Show, that $(c_0, \|\cdot \|_\infty)$ with $c_0:=\{f:\mathbb{N}\to\mathbb{C}\colon \lim_{n\to\infty} f(n)=0\}$ is a banach-space.
I already showed, that $(c_0, \|\cdot \|_\infty)$ is a normed vectorspace. I am struggeling to show, that every cauchy-sequence converges.
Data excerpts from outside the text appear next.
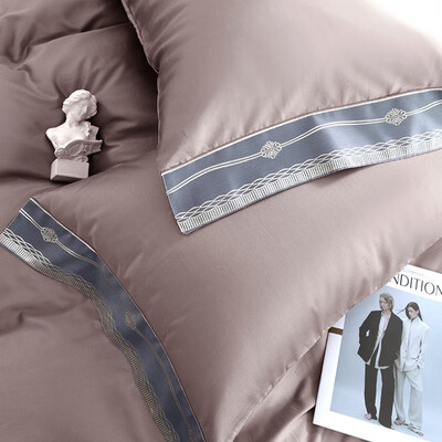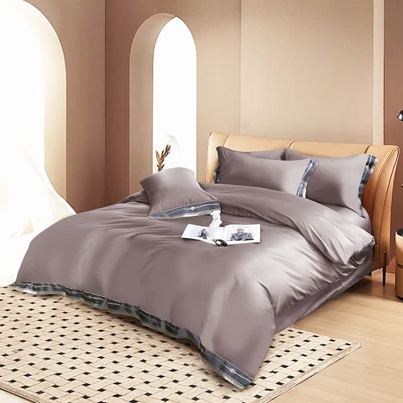 金丝莉 奢享全棉贡缎四件套 香槟灰 被套150x200cm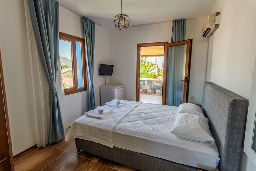 Tüm Odalarımızda standart olarak : Buklet Set, Klima, Buzdolabı, LCD TV, Uydu Yayını, Ücretsiz WiFi, Banyo, Saç Kurutma Makinesi ve Balkon.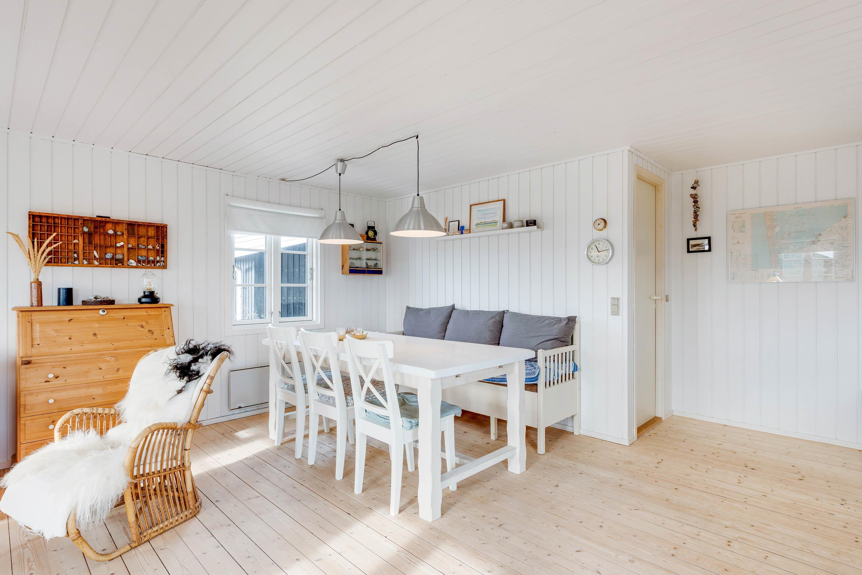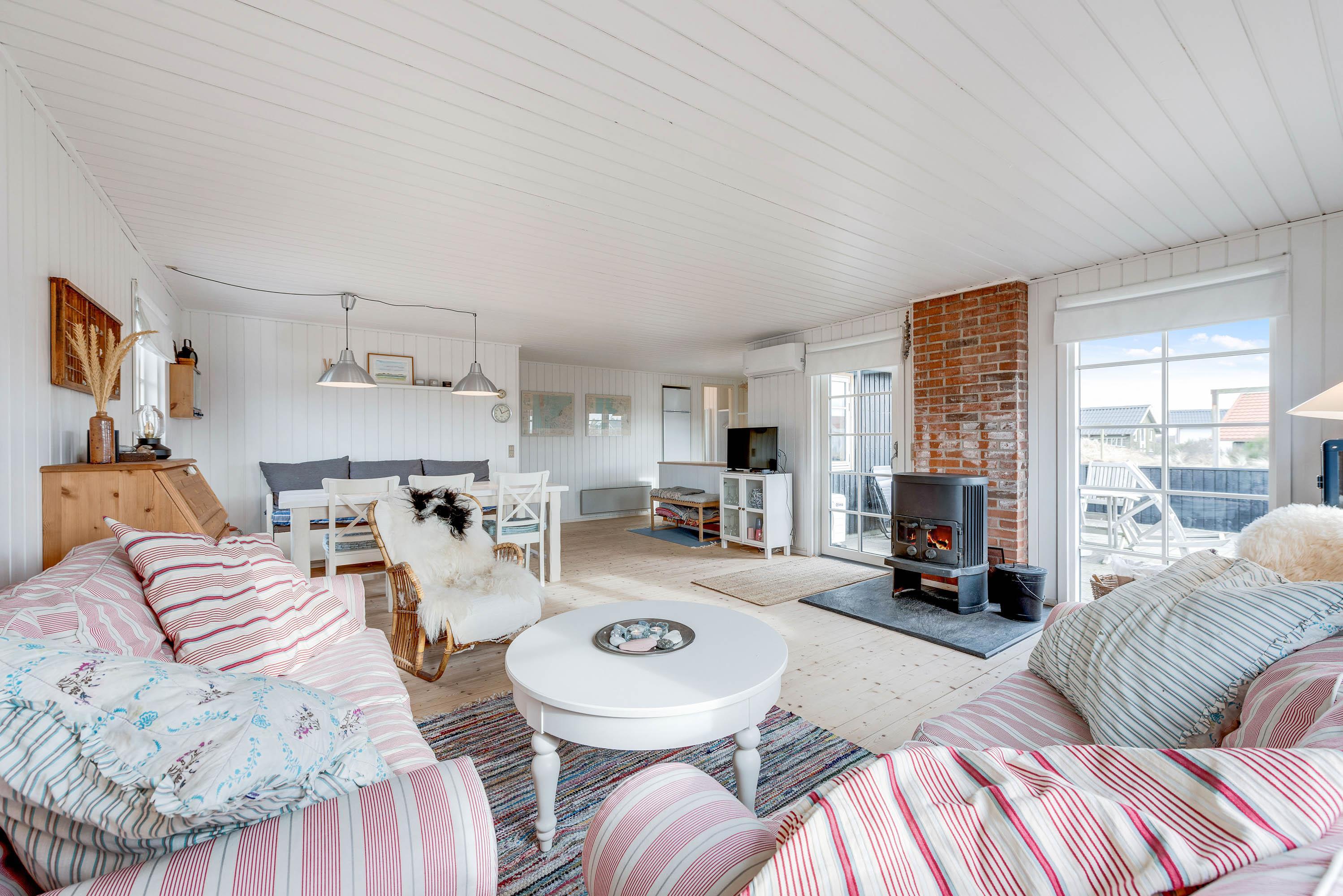 Stuen er indrettet i nordisk stil med kludetæpper, flotte trægulve og bløde sofaer. Rigtig hyggeligt – og oplagt til indendørs hygge – måske med familiespil eller en god bog foran brændeovnen. Her kan man kun føle sig hjemme.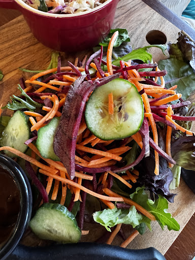 Read moreLunch on a Sunday, a walk on the beach and a lunch at the Broadbeach Tavern. Four of us in total. Nice general feel, open layout and although there was a slight smell of cleaning product that is way better than pub smell of cigarettes, spilled grog and despair. The layout is good with plenty of room and it was light and airy. We ordered ; a corn and zucchini fritter burger with large fries; very nice. Was not sure it would work but the sauce brought it all together and I was impressed. Chips were hot and fresh. The pumpkin salad; the salad bit was okay although the tinned beetroot was tasteless and the pumpkin was boiled and flavourless. Probably the worst salad ever eaten. Thai beef salad; Overall it was quite nice but the steak was over cooked, dry and tough The Caesar salad; went down a treat. Nice touch with the oozing boiled egg left on top to cut into as you started. Nice. And too much salt used in preparation. We were all gagging for water after eating. Helped with the beautiful beer. So nice to have a decent pint on the menu. Personally, I think pub menus should be approached with the attitude of what can be mucked up the least. Steak is always going to be an issue as it needs to be cooked perfectly and lets face it it is expensive. So if the meal is not expensive then the steak will be rubbish. Table staff were efficient but not effusive. A great spot and so close...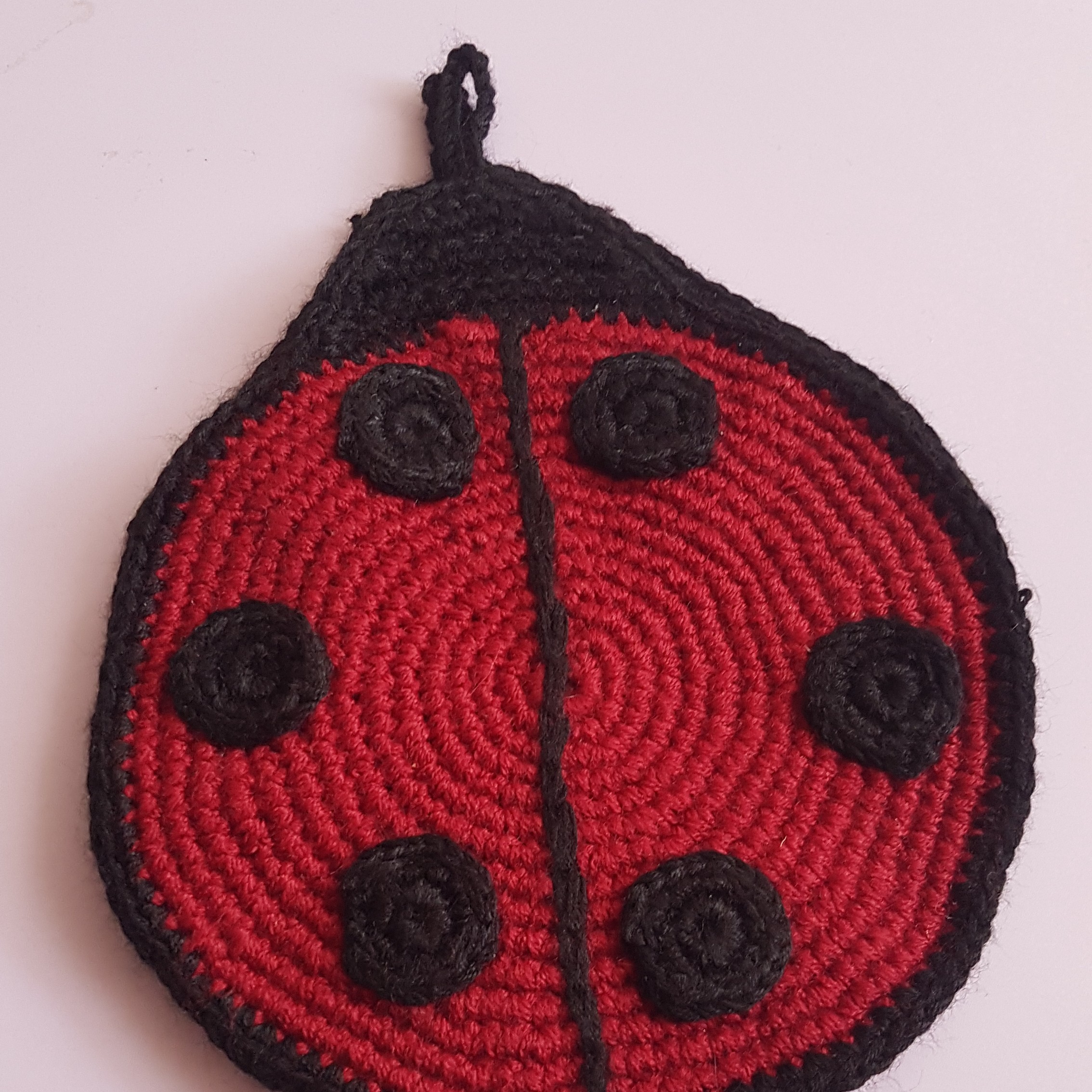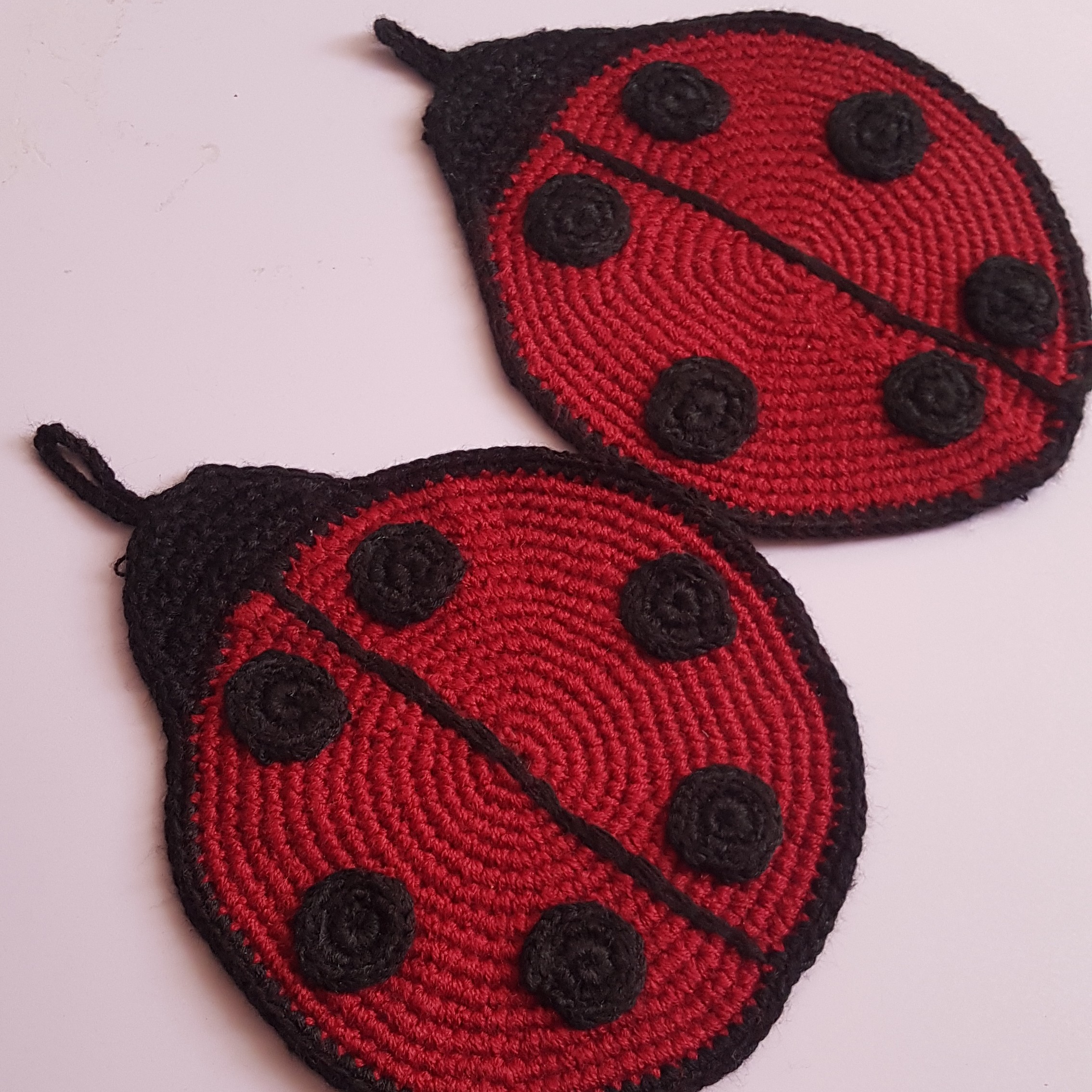 یک جفت دستگیره قلاب بافی کاملا دست بافت در طرح کفشدوزک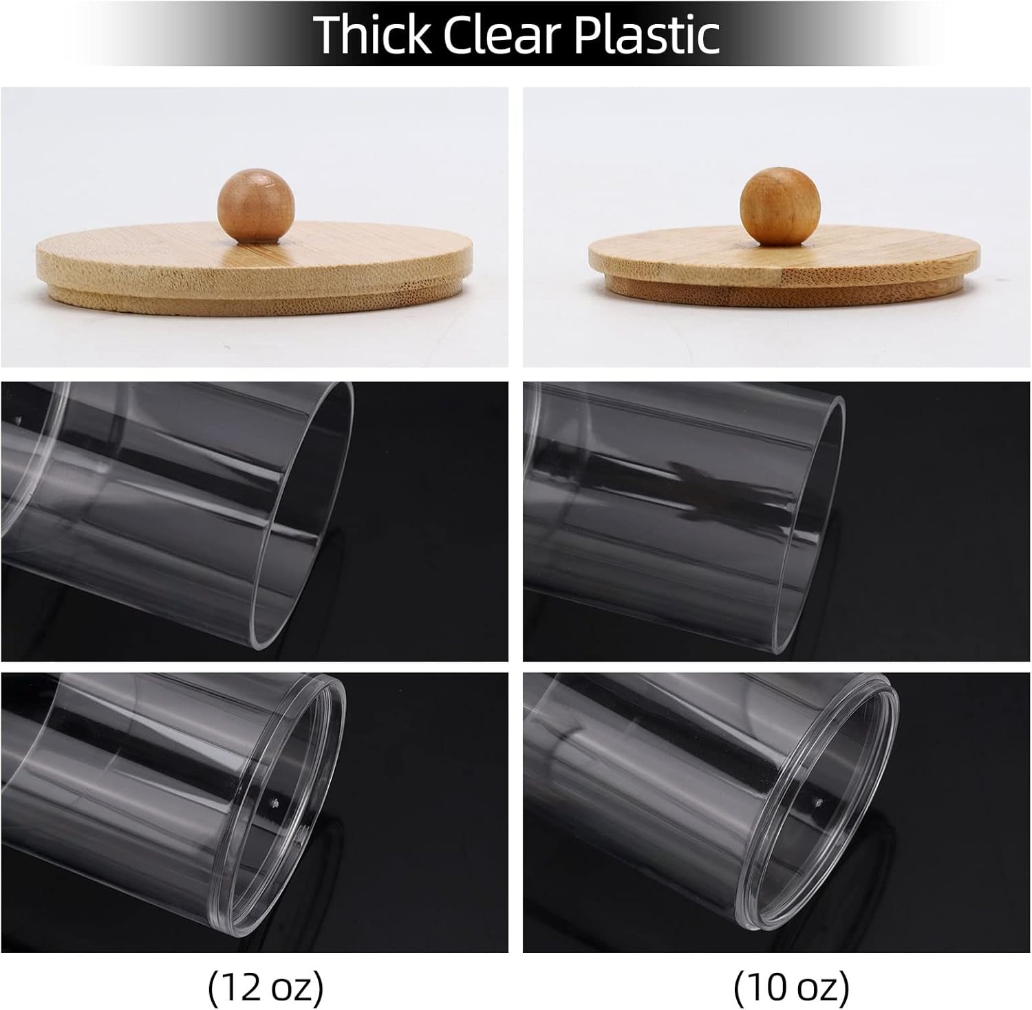 Tbestmax 4 Pack Qtip Holder Dispenser Cotton Ball, Cotton Swab, Floss - 12oz, 10 oz Clear Plastic Apothecary Jars for Bathroom Organizer and Storage Containers (Bamboo Lids)

Let $(f_k)_k\in c_0$ be a cauchy-sequence. I have to find a limit $f\in c_0$. Hence $\|f_k-f\|<\varepsilon$ for every $\varepsilon>0$
$(f_k)\in c_0$ means, that $\lim_{n\to\infty} f_k(n)=0$ for every $k\in\mathbb{N}$. Therefore there is an $N_k(\varepsilon)\in N$ such that for every $n>N(\varepsilon)$ we have $|f_k(n)|<\varepsilon$, for every $k\in\mathbb{N}$
I want to show, that $0$ is a limit of $(f_k)$. Since $(f_k)$ is a cauchy sequence we have $\|f_k(m)-f_k(m')\|_\infty<\varepsilon$ for every $m,m'>N$ and $f_k(m), f_k(m')\to 0$. Hence $|f_k(m)|<\varepsilon/2$ for every $m>N_m(\epsilon)$ and $|f_k(m')|<\varepsilon/2$ for every $m'>N_m'(\epsilon)$. Now we choose $N(\varepsilon)=\max\{N_m(\varepsilon), N_m'(\varepsilon)\}$
We proceed:
$\|f_k(m)-f_k(m')\|_\infty\leq \|f_k(m)\|_\infty+\|f_k(m'\|_\infty\\=\sup_{n\geq m}|f_k(m)|+\sup_{n\geq m'}|f_k(m')|\leq \varepsilon/2+\varepsilon/2=\varepsilon$
I doubt that this is right. Can you help me out? Is this at least a try in the right direction? Thanks in advance.